I had the pleasure of speaking last week at an AccountAbility Minnesota public policy forum about what’s at stake for Minnesota’s low-income families in the federal and state tax policy debates.
As you might expect, the fiscal cliff was a big part of the discussion. A lot is at stake here in federal deficit-reduction negotiations.
We have a history in this country of protecting the most vulnerable in big deficit reduction packages. But that’s not guaranteed in the current negotiations. How the current deficit-reduction plan is crafted will have long-lasting impacts.
Tax cuts are a big contributor to the growth in the federal deficit, and revenues must play a role in deficit reduction.
A balanced plan that includes significant additional revenues can set the country on a sustainable fiscal path without increasing poverty or hardship, or abandoning basic public functions that support economic growth and well-being of all Americans.

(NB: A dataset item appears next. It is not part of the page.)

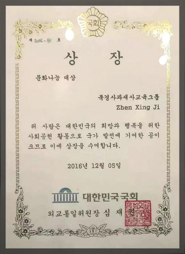 北京社科賽斯科技有限公司董事長甄誠先生獲得大韓民國國會和大韓民國統(tǒng)一委員會頒發(fā)的“大韓民國社會貢獻大獎”,大韓民國國會印章,外交統(tǒng)一委員會委員長簽字。

In contrast, an unbalanced approach that fails to include adequate revenues could lead to large increases in poverty and hardship, increase the number of Americans without health care, shift costs to the states, and leave the federal government unable to meet basic responsibilities.

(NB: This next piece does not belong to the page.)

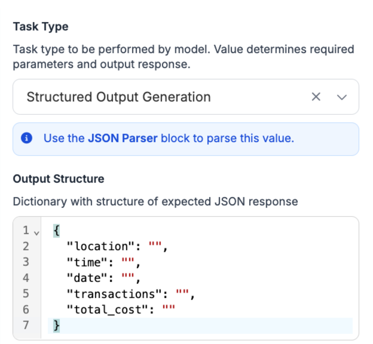 }This will be sent to GPT when our Workflow runs to say exactly what information we want to retrieve, and in what structure.

The fine folks at AccountAbility Minnesota share our interest in federal tax credits for low-income families, including the Earned Income Tax Credit and the Child Tax Credit. A deficit-reduction plan that does not raise enough revenues puts these credits at risk. The Earned Income Tax Credit (EITC) is one of the nation’s most successful anti-poverty initiatives.

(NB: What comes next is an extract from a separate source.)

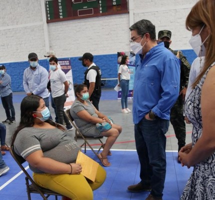 El mandatario supervisó este martes la jornada de inoculación en el gimnasio número 3 del Complejo José Simón Azcona, más conocido como Villa Olímpica, donde se dieron cita las mujeres en período de gestación del Distrito Central.

Cuts to the EITC could be devastating to the 350,000 working Minnesota families struggling to meet basic needs in this tough economy. And that could happen if Congress does not continue the recent improvements to the EITC and the Child Tax Credit that would otherwise expire this year. It could also happen if Congress chooses to make cuts in these credits if it tackles tax reform legislation next year.
As the fiscal cliff deadline draws nearer, federal policymakers on both sides of the aisle agree that the expiring tax cuts for middle-income Americans should be extended. It’s crucial that extending the recent improvements to the Earned Income Tax Credit and Child Tax Credit are also included in any such package.